**EXERCISE DIRECTIONS**
Every line of the material below needs to be copied exactly; omit the pictures.

**SUPPLIED DATA**

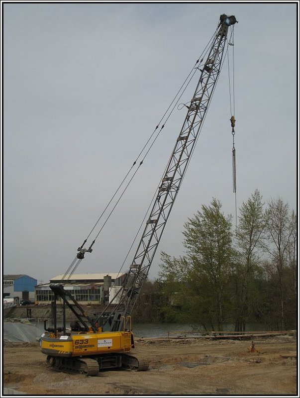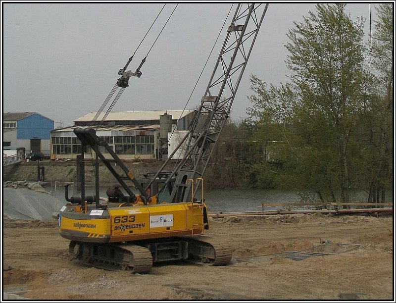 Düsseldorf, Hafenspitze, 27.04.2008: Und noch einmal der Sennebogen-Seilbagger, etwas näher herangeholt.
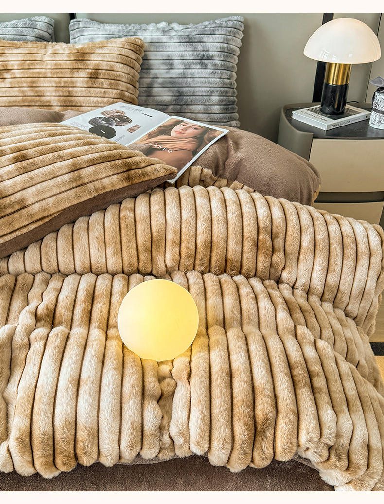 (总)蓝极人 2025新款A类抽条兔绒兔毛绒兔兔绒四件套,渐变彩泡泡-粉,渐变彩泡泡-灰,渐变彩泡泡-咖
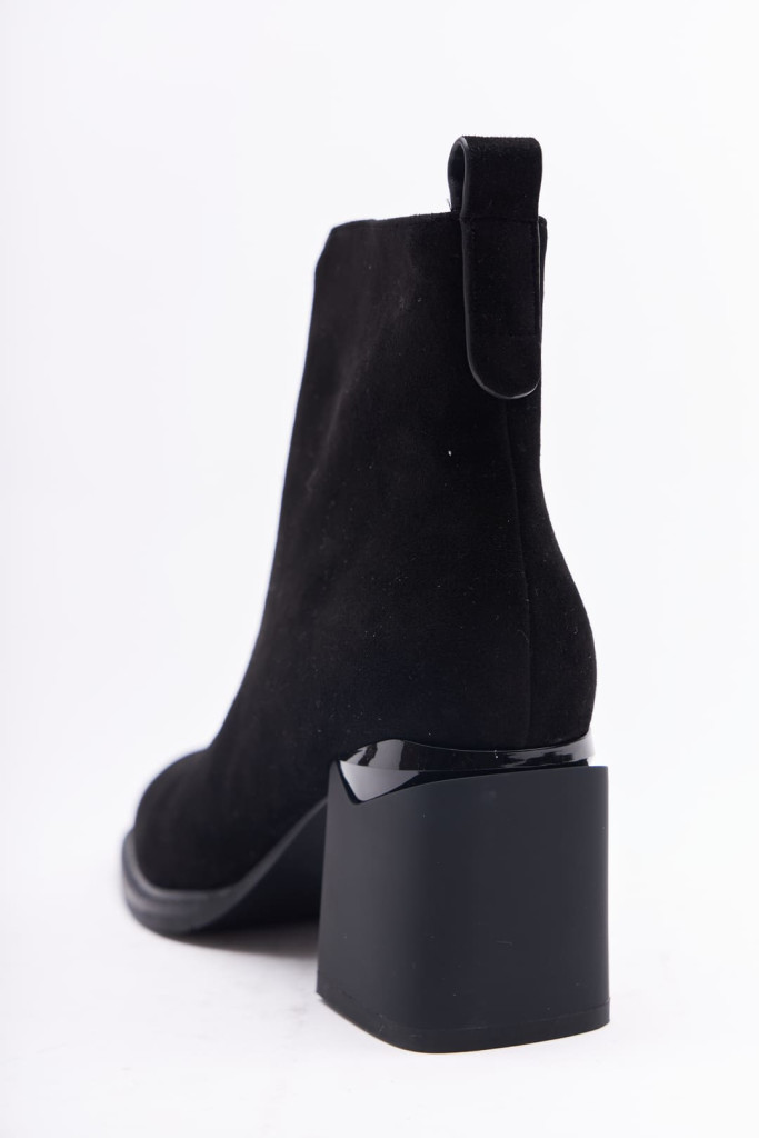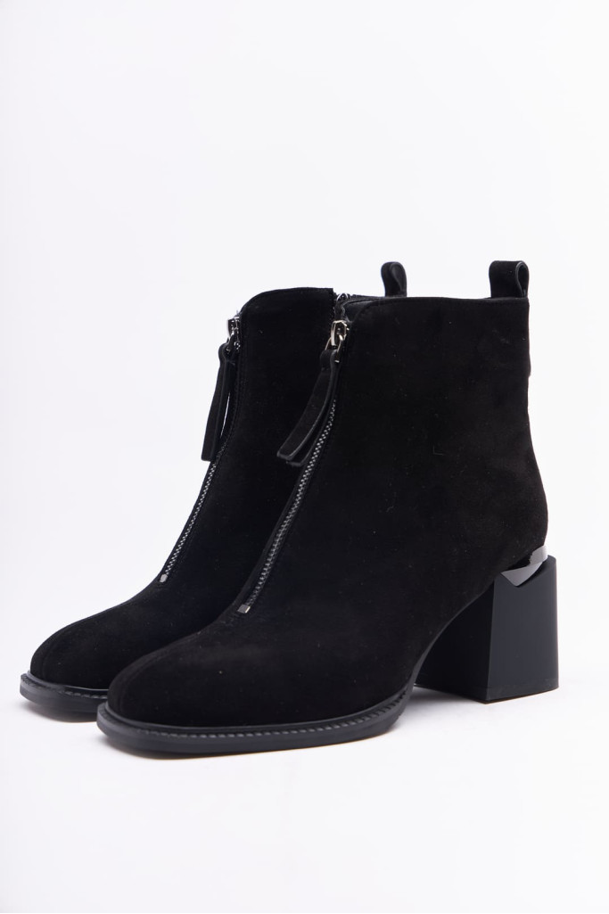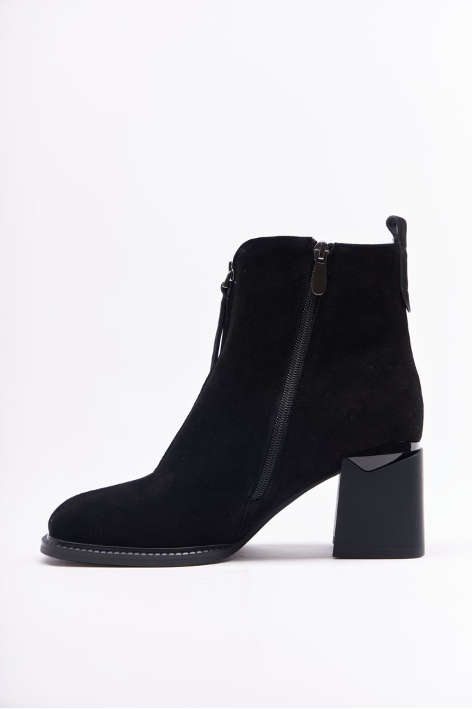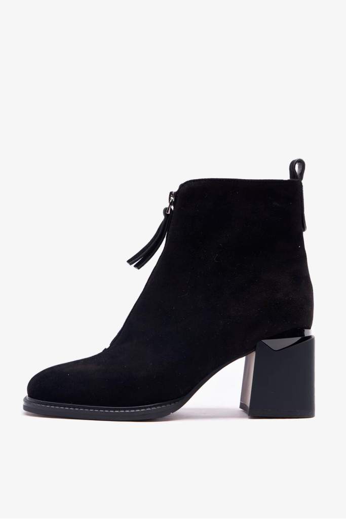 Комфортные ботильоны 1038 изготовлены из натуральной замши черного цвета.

**WRITTEN REPLY**
 Düsseldorf, Hafenspitze, 27.04.2008: Und noch einmal der Sennebogen-Seilbagger, etwas näher herangeholt.
 (总)蓝极人 2025新款A类抽条兔绒兔毛绒兔兔绒四件套,渐变彩泡泡-粉,渐变彩泡泡-灰,渐变彩泡泡-咖
 Комфортные ботильоны 1038 изготовлены из натуральной замши черного цвета.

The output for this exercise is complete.